All the reviewed instruments are not equally fit to meet each possible approach:
• Under the risk approach, using a Green Supporting Factor or a Brown Penalizing Factor alone would face a major weakness: the risk approach would require recalibrating the risk weight factors of all assets to fully integrate climate-risks in banks’ balance sheet and not only part of them. In this respect, the combination of a GSF and a BPF – or any similar mechanism – would make a step in the right direction by covering all assets. However, it would still assume that the climate adjusted risk weight of green assets should be lower than their current risk weight whereas it is likely that they would remain constant at best.
• On the contrary, under the economic policy perspective, none of the reviewed instruments can be disregarded ex ante.

Different challenges for implementation

Moreover, specific challenges would need to be addressed before implementing any of these measures at a national level:
• Under the risk approach, the objective is to integrate climate-related risks to maintain financial stability.
Therefore, it is key to accurately measure the level of climate-risks associated to each asset. This is still a major challenge because of the deep uncertainty nature of climate change and socio-economic measures associated – and as a result the lacking usefulness of historical data – and the short-term horizon of standard credit risk models compared to the medium-long term horizon of climaterelated risks.
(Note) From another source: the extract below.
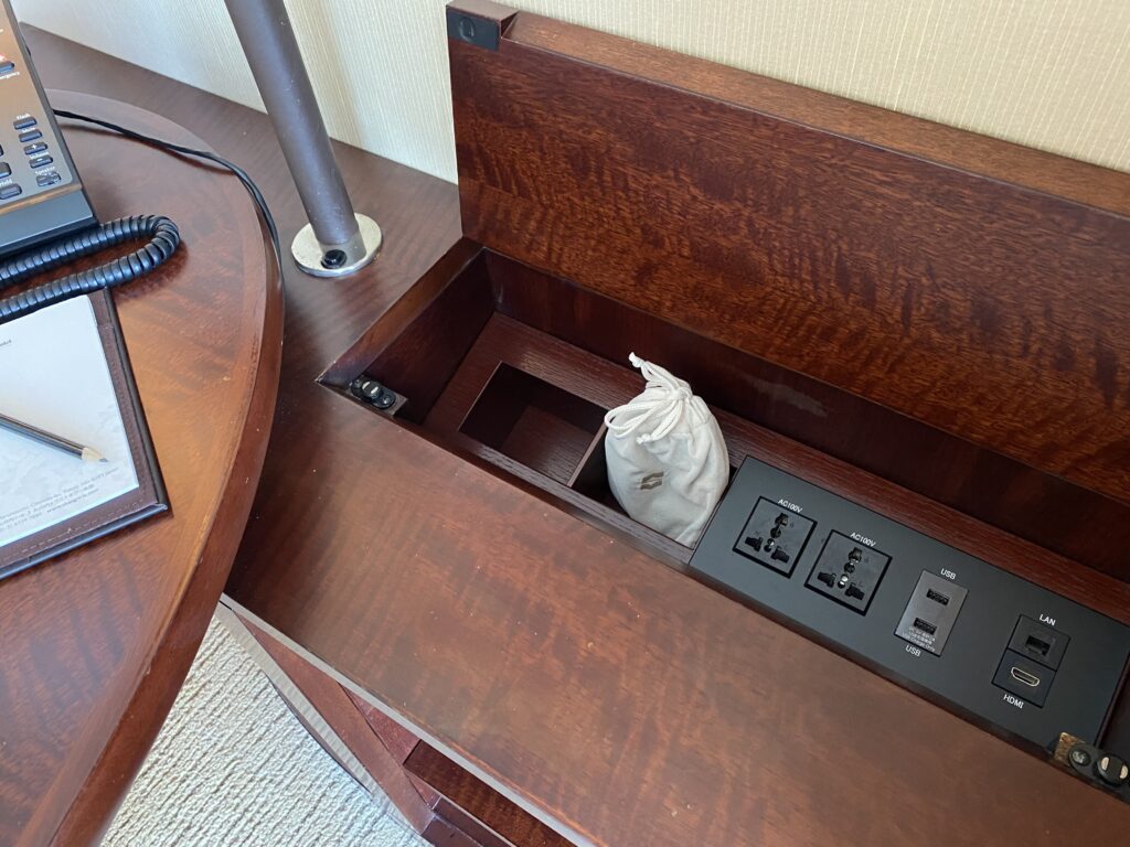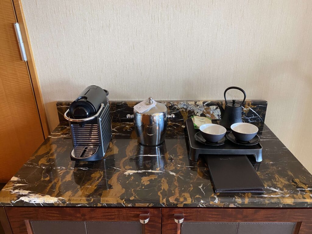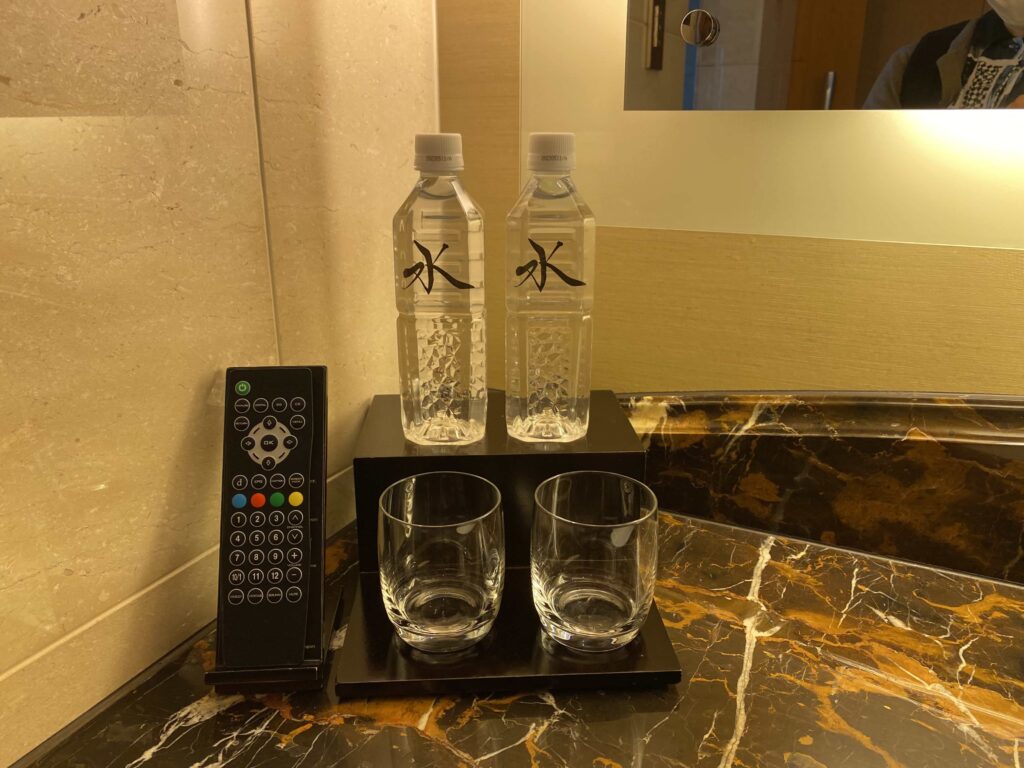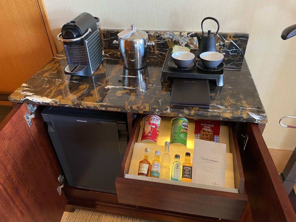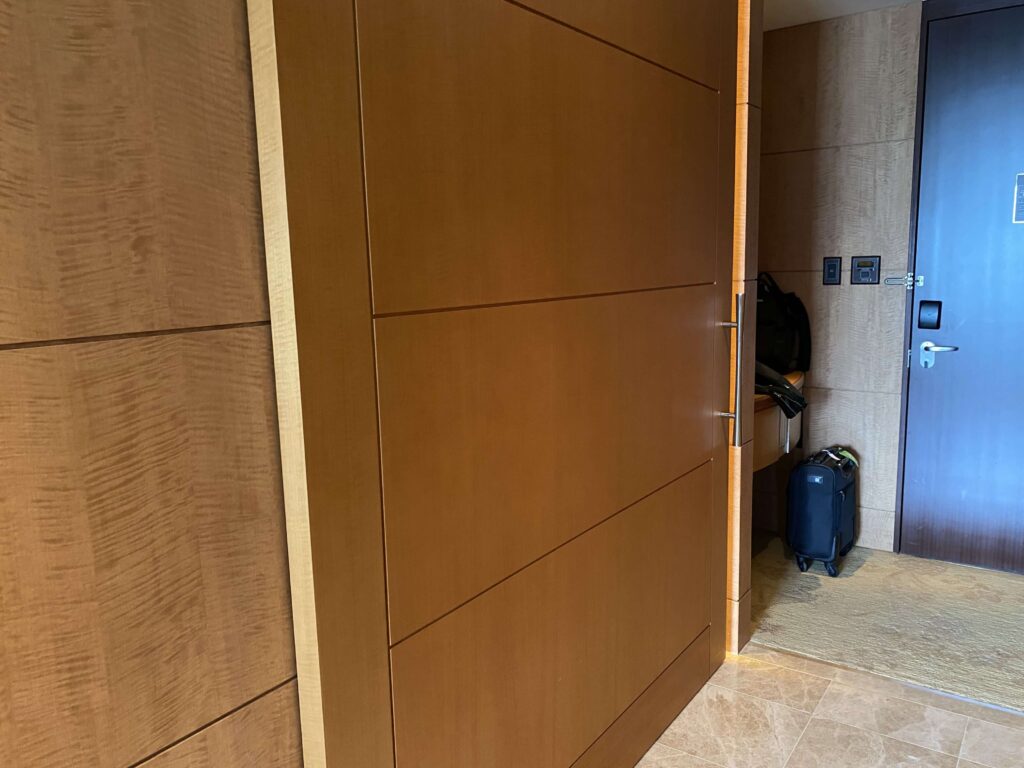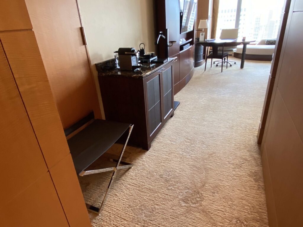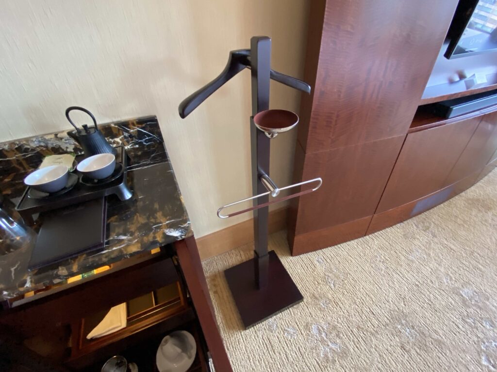 マンダリンオリエンタルはお部屋に入ってすぐだったし、グランドハイアットやパークハイアットはレセプションからお部屋までポーターの方が運んでくれたので、シャングリラのポイントはちょっと下がりました(何様)

In the absence of a sufficiently robust risk measure, there is no point in taking the risk approach.
• Under the economic policy approach, the objective is to channel more flows toward the low-carbon economy. The issue of accurately measuring climate-risks is no longer essential. The question is rather to find a metric which allows to differentiate among activities based on their contribution to developing a low-carbon economy. In this situation, however, other challenges would still exist. The first one relates to the effectiveness of adjusting banks’ capital requirements to increase or reduce specific categories of credits. Indeed, there is no clear empirical evidence supporting such effectiveness. The second challenge is to ensure this policy instrument would not endanger financial stability. To do so, it would be key to maintain banks’ capital base in line with prudential requirements as measured today based on the lessons drawn from the recent global financial crisis. This raises the question of how capital neutrality should be ensured at the starting point, possibly through a micro adaptation of the mechanism, and whether it should be maintained over time which would entail rather complex mechanisms.

The paper stresses that pursuing the risk and the economic policy objectives together can create tensions in the design of the capital requirement adjustment for certain types of financings. It may be necessary to give preference to one objective, probably to the detriment of the other. In addition, a common taxonomy would be helpful for the risk approach to screen the assets vis-à-vis their transition impact and would be a pre-condition to follow the policy tool approach. Depending on the instrument chosen, this taxonomy could be ‘green’ – as the European Union’s (EU) taxonomy – or ‘green and brown’ as requested by regulators of the NGFS. Finally, there are issues which will require further discussions. It would be important to clarify points such as the bias of methodologies, the capital neutrality in the long run and the lack of empirical evidence.